Pour conforter cette transmission, Esdras ne s’est pas
contenté de condamner les mariages mixtes, il a créé une
assemblée de sage dont sans doute les 3 prophètes Aggée,
Zacharie et Malachie faisaient partie. Cette assemblée avec
le temps sera institutionnalisée, ce sera le Sanhédrin.
Un autre personnage, Néhémie, joua aussi un grand rôle dans
l’établissement du judaïsme à Jérusalem. Petit fils d’émigré
de Jérusalem, il tient un poste politique très important : en
tant que grand échanson à Suze il côtoie quotidiennement
l’empereur Perse. Alerté par ses congénères des difficultés
rencontrés dans leur établissement à Jérusalem, conscient du
découragement qui les menace, il décide avec l’appui de
l’empereur Artaxerxès de faire un voyage à Jérusalem pour
prendre des mesures politiques et instaurer une dynamique. At-il croisé Esdras ? Le chapitre 8 du livre de Néhémie le
laisse entendre, mais il semble bien qu’il y eu une sorte de
chassé-croisé entre ces deux personnages qui ont fait chacun
des aller et retour entre Babylone et Jérusalem. Certains
auteurs pensent que Néhémie est antérieur à Esdras. Ce qui est
certain c’est que Néhémie fut davantage un organisateur et
Esdras plus un religieux et comme tel Esdras gardera une
beaucoup plus grande place dans la tradition juive qui a vu en
lui l’homme qui a reçu la Torah et en fait un homme presque de
la stature de Moïse.
A partir de là, la religion juive a vécu un essor considérable
avec un développement important sur le plan cultuel (création
d’une liturgie très riche), intellectuel (création du Talmud,
édition des livres de Daniel, Esther, Ezéchiel,… fixation du
canon de la Bible hébraïque) et spirituel (émergence de
groupes très pieux, les ancêtres des Hassidim). Cet essor
s’accompagnera de l’émergence de courants très diversifiés qui
s’opposeront parfois violemment entre eux. Par exemple les
rabbins ( qui donneront un peu plus tard les Pharisiens)
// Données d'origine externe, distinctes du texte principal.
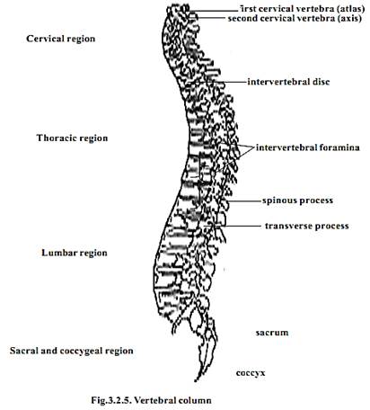 b) Vertebrae - The vertebrae make up the slight S-shaped vertebral column or backbone. The vertebral column consists of 26 bones. They are divided into 5 regions. They are the cervical (7), thoracic (12), lumbar (5), sacral (1) and coccygeal (1) vertebrae.

attachent beaucoup d’importances aux commentaires des textes
(Talmud) en incluant toute la tradition orale (Midrash Aggada)
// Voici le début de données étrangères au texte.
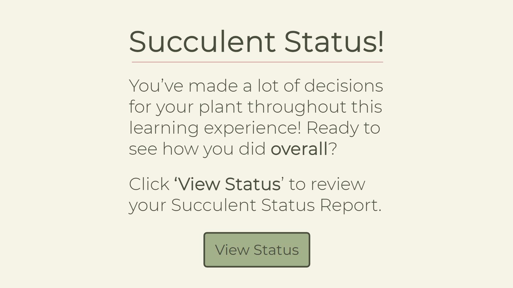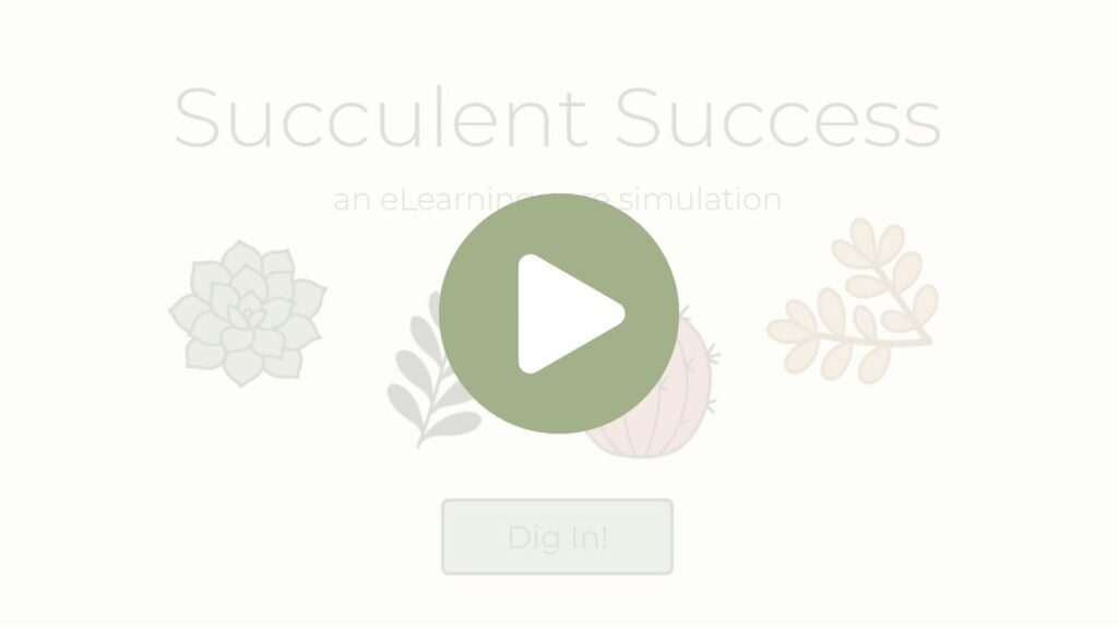 At the end of the experience, learners receive an overall succulent status report that visually shows which care choices they got right out of soil, pot, sunlight, and watering, and summarizes how their plant is doing overall as a result of those choices. Learners can then restart the course to experiment with different decisions or try a different plant. They can also download a “Succulent Success” infographic as a printable reminder of best practices. This approach allows learners to continue interacting with the content until they feel confident and provides a lasting resource for continued succulent success.

alors que les prêtres (qui donneront un peu plus tard les
Sadducéens) veulent s’en tenir au sens stricte de la Torah et
de la Torah seule (Midrash Halakha). Ces dissensions n’iront
pas jusqu’à provoquer un schisme (du moins jusqu’à
l’avènement du christianisme).
L’Hellénisation du judaïsme
En 333 av. J.C., Alexandre le Grand s’empare de la Palestine
et donc de Jérusalem, avant de s’emparer du trône de Darius
III à Babylone en 331. Pour les juifs, cette arrivée
d’Alexandre est plutôt perçue comme une libération car sous
Darius III, ils subirent de fréquentes persécutions (Cf le
livre d’Esther). Alexandre se montra très ouvert par rapport
au peuple juif dont il autorisera le culte dans le temple de
Jérusalem.
Dix ans plus tard en 323, Alexandre meurt à Babylone et son
royaume est partagé entre ses généraux pour former les
différents royaumes et dynasties de la période hellénistique :
aux Lagides (Ptolémée) l’Egypte, aux Séleucides, la Syrie et
la Babylonie.
La Palestine est alors rattachée aux Lagides, sous lesquels
les juifs garderont une assez grande liberté religieuse; c’est
à cette époque (~ 250) que la Bible fût traduite en Grec (la
Septante) à Alexandrie.
Mais en 200, les rivalités entre
Lagides et Séleucides vont entrainer la victoire du Séleucide
Antiochus III sur Ptolémée V et la Palestine va passer sous
domination Séleucide. Le rôle politique trouble des grands
prêtres de Jérusalem dans la rivalité entre Lagides et
Séleucides va précipiter l’hostilité des occupants à l’égard
de ce peuple rebelle et insoumis.
La situation était déjà très tendue quand en 167 un décret
d’Antiochus IV Epiphane imposant le culte de Zeus dans le
Temple de Jérusalem, va mettre le feu aux poudres, provoquant
une révolte du peuple juif. Cette révolte ( Cf les Livres I et
II des Macchabées) est emmenée par un certain Matthatias dont
un aïeul s’appelait Hasmonée. C’est dans ces circonstances
dramatiques que l’on voit apparaître pour la première fois la
notion de martyr. Son fils Judas reprendra par les armes le
contrôle de Jérusalem et purifiera le Temple. Judas meurt en
160, mais ses frères reprendront la lutte jusqu’à la
déclaration d’indépendance en 142 puis la création d’une
dynastie royale les Hasmonéens avec Jean Hyrcan en 134. Cette
dynastie des Hasmonéens, soutenue par les Sadducéens, c’est-àdire par le courant religieux institutionnel des grands
prêtres, en engrangeant
un certain nombre de succès
militaires qui leur permettent d’occuper des territoires audelà même de l’ancien territoire de Judas, va prendre un
caractère de plus en plus politique et , de ce fait, se
heurter à des oppositions de plus en plus marquée de la part
des hommes pieux, les scribes et les rabbins. Pour ce courant
que l’on appellera à cette époque « les pharisiens », la lutte
armée pour la conquête du territoire est choquante, elle est
contraire à la Loi, c’est Yhwh qui donne la terre, elle n’est
pas à conquérir, et par ailleurs eux ils attendent un Messie,
descendant de David (ce qui n’était pas le cas des Hasmonéens)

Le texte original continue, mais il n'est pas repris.